Speaker: Martin Cottingham

On Thursday 7th November the Politics Society was pleased to host Martin Cottingham, Head of Communications at Islamic Relief UK. 

The invitation was extended to provide a fresh perspective on the question as to whether Islam and Democracy are fundamentally incompatible. Having travelled extensively in Muslim countries and with a job whose remit is to raise funds and awareness to the true nature of Islam, Martin was well qualified to speak to the Society.

He provided an informative and accessible presentation with the revelation of some startling facts. For example, there are 51 majority Muslim countries in the world and only 14 of those are considered democratic. However he went on to state that there are only four Muslim countries in the world which could definitely be categorised as democracies those being Indonesia, Senegal, Sierra Leone and Northern Cyprus.

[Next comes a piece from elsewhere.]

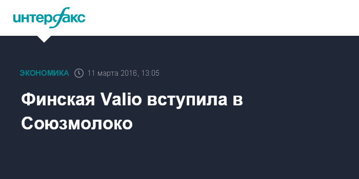 Москва. 11 марта. INTERFAX.RU – Российское подразделение финского концерна Valio стало членом Национального союза производителей молока (Союзмолоко), сообщается в пресс-релизе концерна.

He argued that fusing religion and the state, as Islam does in most cases, is not necessarily an impediment to democracy. Historically, he said, Islam embraced consultation (Shura) and Ijma (consensus) both democratic principles, in its teachings for a balanced society. However, in his concluding remarks he conceded that with the recent failures to implement democracy in both Iraq and Afghanistan and the ongoing bloodshed in Syria, the prospects for reconciling democracy with Islamic societies in the Middle East were not good.